Panic Attacks

When you have your first panic attack, it’s not unusual to think you are having a heart attack or that you are ‘about to die’ for some unknown reason. However, panic attacks are not dangerous to the systems of the body or to a person’s immediate physical health. Still, panic attacks are disorienting and disturbing and can also be highly embarrassing when they occur in the presence of other people.

where, when and why do panic attacks occur?

Panic attacks can happen anywhere and at anytime, and the health care field openly acknowledges the fact that we are not precisely sure what causes them. The many people I’ve helped over the years in therapy—to eliminate panic attacks—have had these episodes in a number of different settings: driving on the New York City streets, leading a meeting at work, riding an NYC subway, flying in an airplane, giving a speech/presentation, engaging in an argument, during sleep (which is more common than you might think), exercising at New York Sports Club, having sex and more.

In a panic attack, the nervous system spontaneously and abruptly goes into overdrive and revs up to the point where you are sweating, disoriented and hyperventilating. That itself is disconcerting, but add to it the fact that there is nothing in your environment that seems to have caused it and you end up thinking, “I am losing my mind.”

The good news is that once you decide to seek therapy for panic attacks, it is often the case that the panic attacks begin to decrease (in frequency and/or intensity) immediately. This is an important aspect of human life and a central premise of effective therapy: Once you stop staying alone with the reality of what’s going on in your life, things start to get better.

tools & techniques to eliminate panic attacks

When I help people with panic attacks in therapy, I provide them with practical tools and techniques right away so they can start managing their emotions more effectively. My approach is active and pragmatic and gets people feeling better quickly. Then the growth work begins.

By “growth work” I mean to say that once we get your panic attacks under control, we take a look at your life. This is because panic attacks (or any mental health challenges) do not take place in a vacuum or mysteriously come of out nowhere; they have something to do with what’s going on for you internally (patterns of thinking and feeling) and externally (relationships, career, etc.). In other words, therapy for panic attacks begins with symptom reduction and stabilization, and it progresses into helping you build and shape your life in ways that promote psychological and emotional health.

emotional health comes from emotional growth

When you increase your emotional regulation skills in order to decrease/prevent panic attacks, it helps you on a number of different levels: mood management, self-discipline, peace of mind, healthier relationships and increased focus/clarity. To cultivate these important abilities within yourself is to cultivate your capacity for emotional intelligence.
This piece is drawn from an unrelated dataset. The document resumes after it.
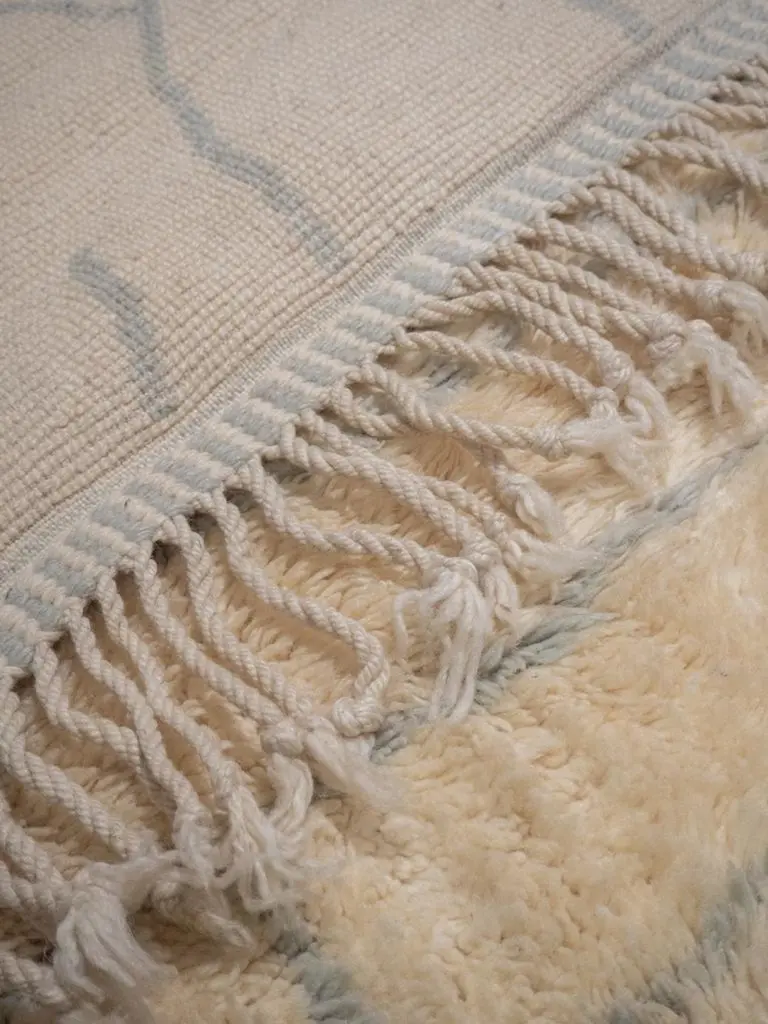 We exclusively create custom individual rugs for you. This means that we do not produce unnecessary items and we prioritize respecting nature. That's why we estimate it will take us around 7-8 weeks to create your rug.Beni Mrirt rugs are made of 100% soft and tender highest quality sheep wool, which is carefully gathered and taken care of. The Beni Mrirt rugs are considered to be the diamond of the Moroccan carpets collections well-deserved due to their superior quality. At first glance, Beni Mrirt and Beni Ourain look similar, but there is still a significant difference between them. The Beni Mrirt rug knot-tying technique varies by its fine weaving which is done more tightly. Ornaments and color palettes are different too. Except for widely used geometrical prints, carpets can be decorated with abstract compositions and the traditional Berber symbols of different colors: from black and brown to indigo and ochre.

Emotional intelligence is valuable to human performance/experience on a variety of levels; in fact, emotional intelligence is generally thought to be more important than intellectual intelligence if what we’re interested in is personal well being and healthy relationships.

anxiety & panic attacks

People who seek therapy for panic attacks have invariably been suffering with anxiety as well.

If you imagine a beach ball being held under water and the force with which it ‘wants’ to come to the surface—then you begin to get an idea of how anxiety and panic attacks work. Unhealthy and destructive anxiety stems from insufficient/inadequate processing of ordinary emotional experiences over time—to the point where you become habituated into building up feelings that ‘want’ to come out. Unfortunately, once there is a build-up, people are not quite sure how to release and process their feelings in ways that are healthy and growthful. This creates the conditions for potential panic attacks.

addiction & panic attacks

In order to self-medicate the discomfort of anxiety and panic attacks, people often turn to excessive use of alcohol, food, drugs, pills, pornography, gambling, casual sex or the myriad other ways that humans are wired to feel good.

These activities can be used in healthy ways, in moderation, but I see many people in my NYC therapy practice who have developed an over-reliance on one or more of these 'brain-rewarding' behaviors. As we know, excessive dependency (i.e. obsessions and compulsions that represent early stage addiction) on such behaviors is self-defeating and, if not nipped in the bud, can evolve into full blown addiction.

seeking therapy for anxiety and panic attacks

If you are experiencing excessive anxiety and/or panic attacks in your life, you can take some comfort in the fact that you are suffering from something very common and highly treatable. You need not suffer alone.

What you need is help in learning to effectively identify and process what is going on for you psychologically, socially and emotionally—so that you can eliminate panic attacks, decrease anxiety and create more confidence and internal calm. And this is precisely where therapy can help.